§ Activity
In the records below, find the line with "Titelillustratie bij Langendijks" and repeat exactly every line from it through the line with "- 4D adjustable". Pictures stay out.

§ Data supplied
—————

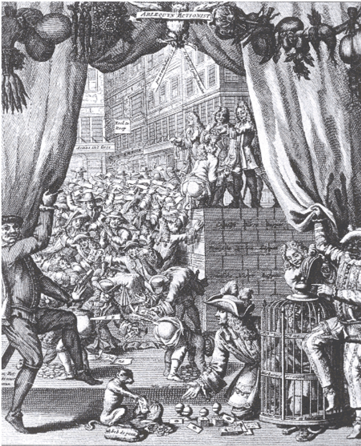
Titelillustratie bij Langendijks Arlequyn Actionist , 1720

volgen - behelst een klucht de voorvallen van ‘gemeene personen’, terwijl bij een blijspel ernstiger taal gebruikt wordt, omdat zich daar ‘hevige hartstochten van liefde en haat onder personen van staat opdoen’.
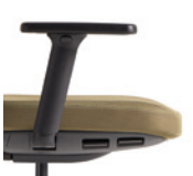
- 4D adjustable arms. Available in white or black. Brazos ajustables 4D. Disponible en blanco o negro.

—————

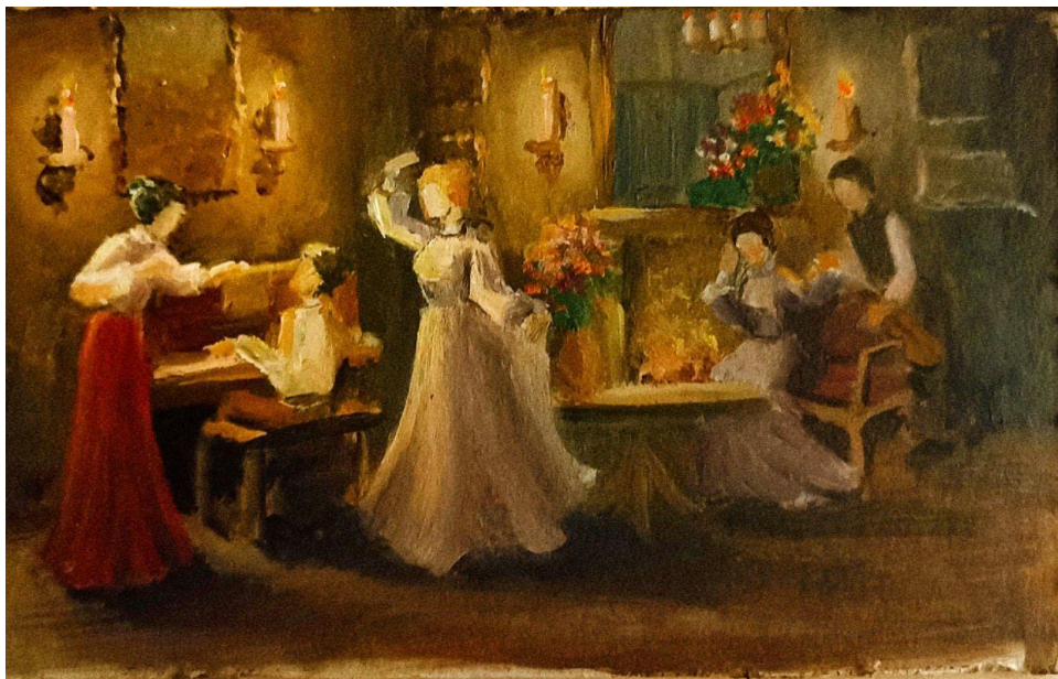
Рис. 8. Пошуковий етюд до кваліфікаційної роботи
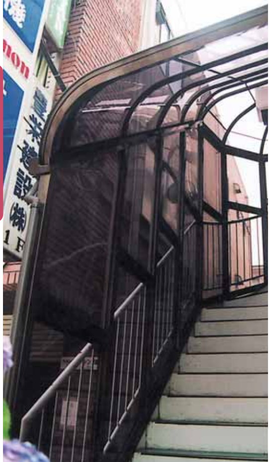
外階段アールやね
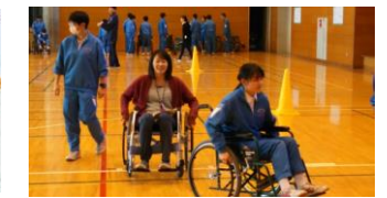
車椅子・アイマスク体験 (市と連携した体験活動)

—————

§ Result of the task
Titelillustratie bij Langendijks Arlequyn Actionist , 1720

volgen - behelst een klucht de voorvallen van ‘gemeene personen’, terwijl bij een blijspel ernstiger taal gebruikt wordt, omdat zich daar ‘hevige hartstochten van liefde en haat onder personen van staat opdoen’.
- 4D adjustable arms. Available in white or black. Brazos ajustables 4D. Disponible en blanco o negro.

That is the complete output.